Acute and chronic pulmonary infection with P. aeruginosa is associated with an intense neutrophil inflammatory response that contributes to lung injury . A previous study has shown that PCN enhances airway epithelial cell release of IL-8 , a neutrophil chemokine whose production is regulated by oxidant-sensitive transcription factors [50, 51]. Our data indicated that PCN could induce oxidative damage in U937 cells and antioxidant NAC inhibited PCN-induced IL-8 protein expression. In most cases, PCN’s cytotoxicity has been strongly linked to its potential effects on redox cycle. When entering into cells, PCN oxidizes intracellular pools of NADPH, NADH and GSH directly by accepting electrons, and it passes these electrons to oxygen leading to sustained generation of ROS (O2
_ and H2O2) under aerobic condition . Oxidative damage results in unbalance between the oxidant and antioxidant processes. Antioxidant defense system (enzymatic scavengers SOD, CAT and so on and some smal1 molecule antioxidants including NAC, GSH, vitamin C and vitamin E) plays an important role in the elimination of oxygen radical . Cellular GSH levels have been reported to influence the activity of a number of transcription factors, including NF-κB, AP-1, and HIF-1α [53, 54]. NAC is a thiol compound that has direct antioxidant properties and also is converted to GSH by cells and thereby limits oxidant-mediated cell injury. By demonstrating the inhibitory effect of NAC on PCN-induced IL-8 production, we indicate that NAC can act as a protective factor that mitigates PCN pro-inflammatory effect on differentiated U937 cells.
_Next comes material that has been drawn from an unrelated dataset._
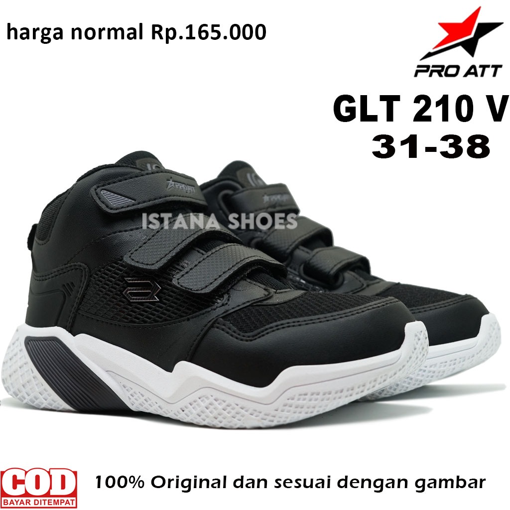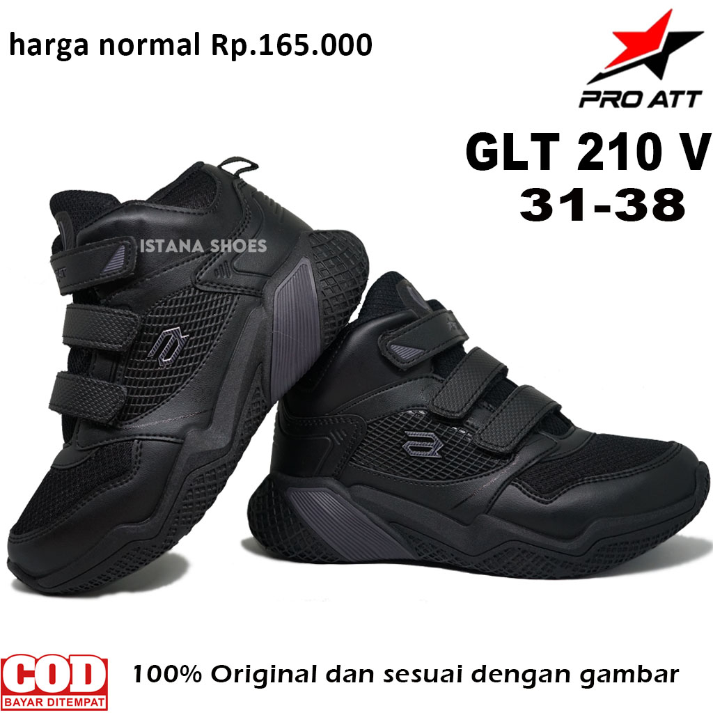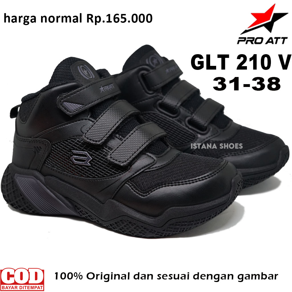Sepatu Sekolah Anak Laki Laki Perempuan PAUD TK SD SMP PRO ATT GLT 210 V3 Perekat Full Hitam Boots

In short, in this study, we found that PCN could induce PMA-differentiated U937 cells to produce IL-8 by activating MAPKs and NF-κB signaling pathways. Our further studies will focus on understanding the interaction between p38 MAPK, ERK and other cytokine regulators. Knowledge of the mechanisms by which PCN induces PMA-differentiated U937 cells to produce cytokines may provide better understanding and rational approaches for the control of PCN-induced inflammatory processes.